Survey from J.D. Power shows successful relationships depend on effective digital engagement
For better or worse, the COVID-19 pandemic has forced entire industries to adopt more digital modes of engaging with their customers – and that includes the asset management industry.
In a newly released survey, J.D. Power found that asset managers with the highest levels of digital engagement with advisors are widening their advantage over their less tech-inclined peers.
“For asset managers in the current marketplace, forging and maintaining successful relationships with advisors is increasingly about effective digital engagement,” said Mike Foy, senior director of wealth and lending intelligence at J.D. Power. “That trend has been occurring for some time, but it has really ramped up during the pandemic, with wholesalers unable to meet face to face and advisors citing higher levels of stress and increased workloads.”

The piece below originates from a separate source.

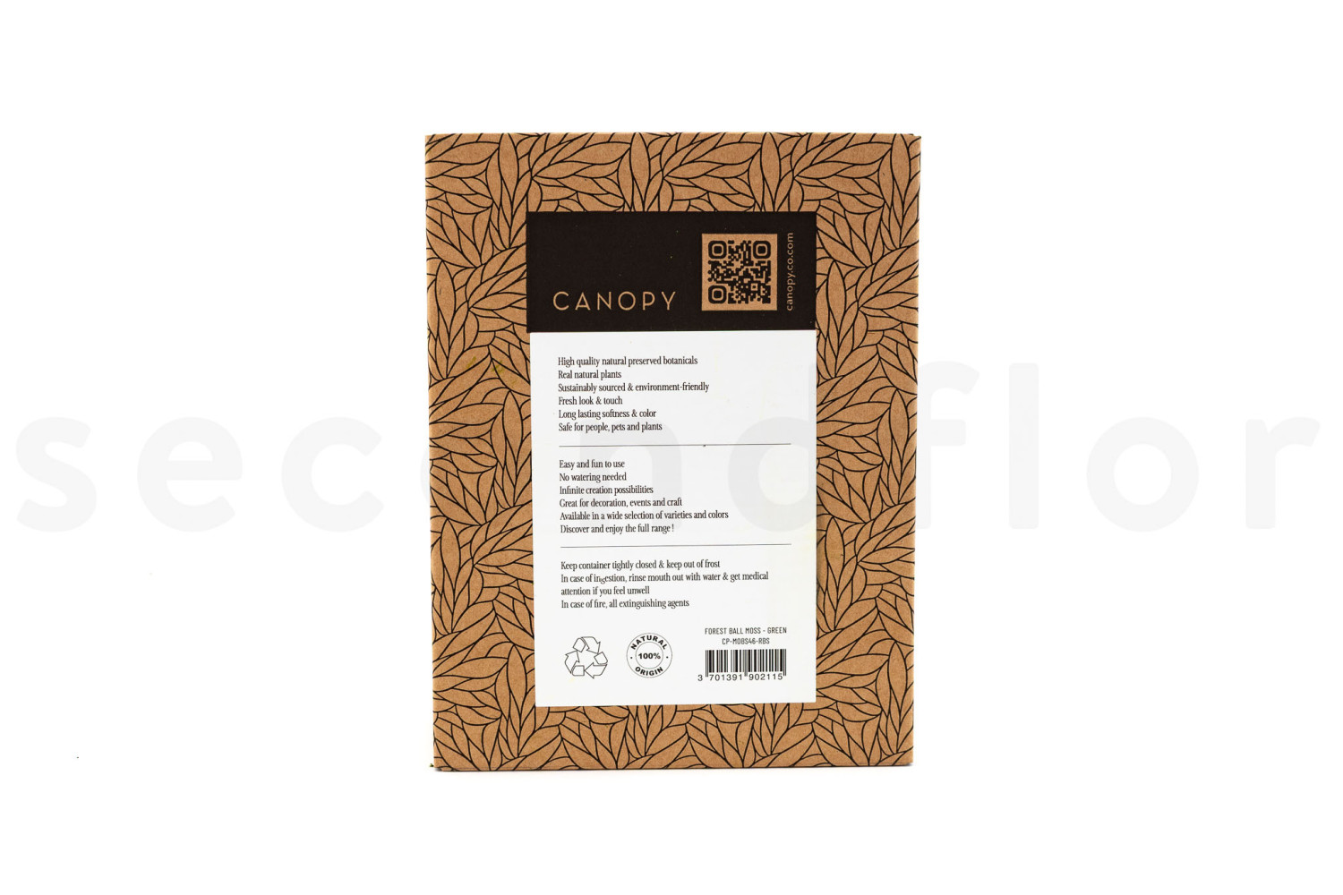 Conditionnement : Une boite carton de 19 x 14,5 x 6,5 cm. Une boîte kraft au design feuillage, compacte et pratique, avec couvercle vitrine. Idéale pour les créations petit format ou pour être revendue directement en boutique.

Among the asset-management firms included in the survey, the top four scorers across multiple digital experiences – Capital Group, BlackRock, JP Morgan, and MFS – were also revealed to have the highest levels of intent to invest among advisors.
The pandemic has also left advisors more pressed for time than ever. The report found increased anxiety and stress reported among 58% of those surveyed by J.D. Power, and longer work hours for 25%. Because every second counts, the survey found that the most impactful digital engagements are those offering easy access to asset management content and resources.
Webinars enjoyed the largest spike in advisor engagement: 56% of the advisors surveyed this year said they’ve attended one held by their primary asset management firm in the past six months, compared to 34% who said the same last year. Email, websites, and social media have also reportedly seen a year-on-year jump in utilization.
The strength of the digital push notwithstanding, asset managers still need to discern which segments of advisors are open to digital vs. those who still prefer personal interactions.
The survey found that advisors with at least 16 years of industry experience were more likely to embrace digital interactions with asset managers compared to those who’ve had just five years at most in the industry. Independent advisors and those who primarily use ETFs were also found to be more digitally inclined than wirehouse brokers and those who invest primarily in mutual funds.